# Custom Kydex Knife Sheaths?



## TheLandlord (Jul 2, 2010)

I have a Tom Brown Tracker knife, and if any of you are familiar with it, the included kydex sheath is absolutely terrible.

Can someone recommend a crafter, preferably in the metro area, or North Georgia, who does custom-kydex work? 

I have had absolutely ZERO luck with finding anyone offering custom kydex in the area...


----------



## arcame (Jul 2, 2010)

contact Scott , razorblades on the forum.


----------



## Larry Harris (Jul 30, 2010)

If you are every in south Ga. , Valdosta give me a call and I will help You make your own Sheath out of Kydex.
I have the set up to make them.
      Larry Harris


----------



## scottypp (Jul 30, 2010)

here's another one on the forum that makes custome kydex..
http://forum.gon.com/member.php?u=267


----------



## OconeeDan (Jul 31, 2010)

I second Scott (Razorblades), he is the best that I know of.  Dan


----------



## Razor Blade (Aug 1, 2010)

Thanks guys , he sent me the knife a couple weeks ago . Scott


----------



## carver (Aug 1, 2010)

Razor Blade said:


> Thanks guys , he sent me the knife a couple weeks ago . Scott



Let us see the finished product if you can Scott.


----------



## Razor Blade (Aug 1, 2010)

carver said:


> Let us see the finished product if you can Scott.



I would be happy to show it off . May have it finished up by the end of the week . The handles are done , just making the sheath now . Scott


----------



## Rob62 (Aug 4, 2010)

Razor Blade - I am also looking forward to seeing your work.  Its great to see stuff made by guys who really know what they're doing.

I recently started making Kydex knife sheaths as another hobby I really don’t need to do (I have too many already).  One day I hope to be as good as the Pro’s.

Regards,
Rob

Here’s some of my work.

























































Here is a challange coin holder I made for a fellow forum member.

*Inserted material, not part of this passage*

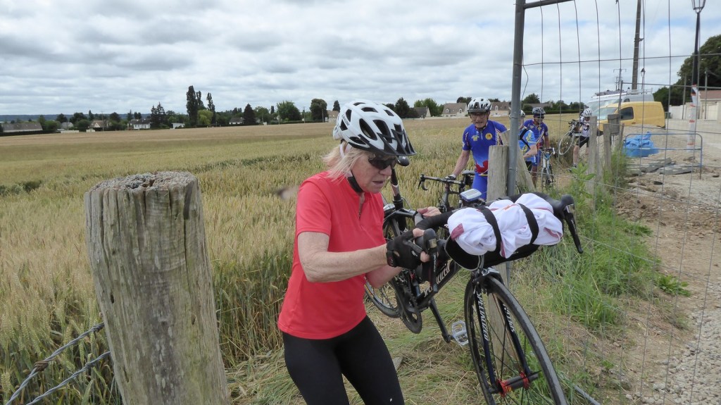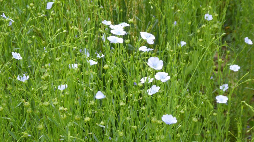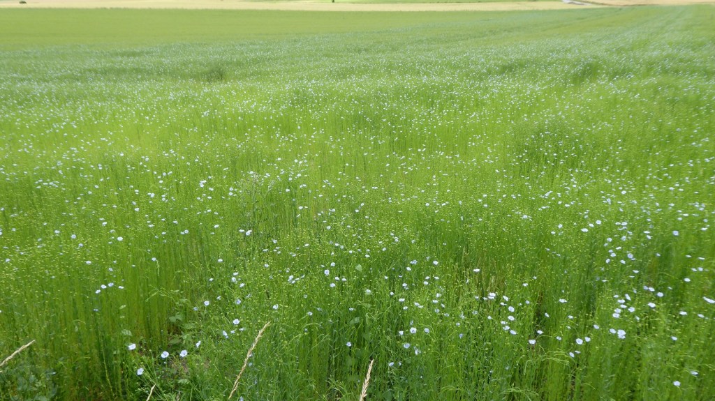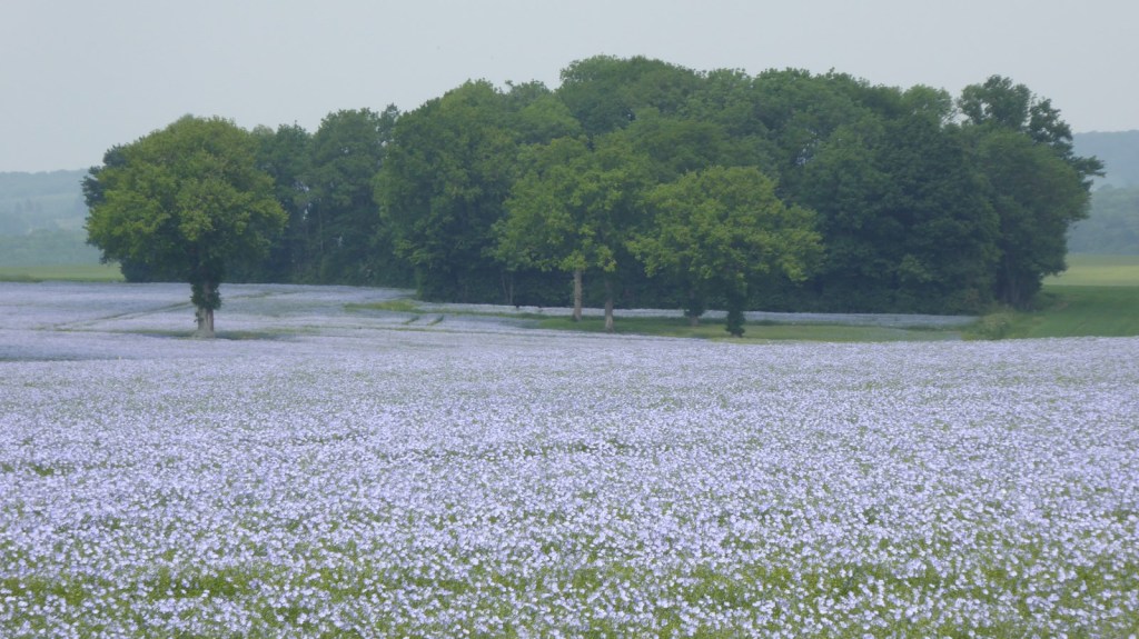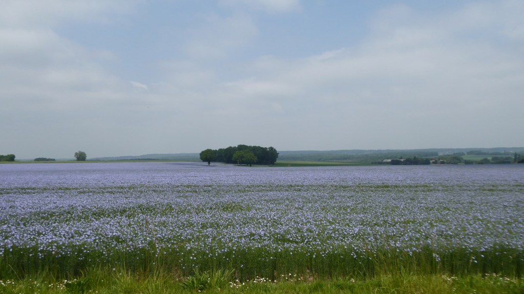 Quelques photos de la sortie du restaurant avec la patronne et d’un magnifique champ de lin sur le chemin du retour. Merci à André pour l’apéro (65 ans).

A Cold Steel Finn Wolf Knife pretty in a pink sheath that I made for my daughter.  She absolutely had to have the hot pink color.


----------



## Razor Blade (Aug 4, 2010)

very nice work , kydex is good for holding a lot of things . Scott


----------



## Razor Blade (Aug 13, 2010)

Here ya go , thanks for looking , Scott


----------



## sharpeblades (Aug 13, 2010)

*Knife sheath*

Looking good Scott.I like the little additions on the sheath


----------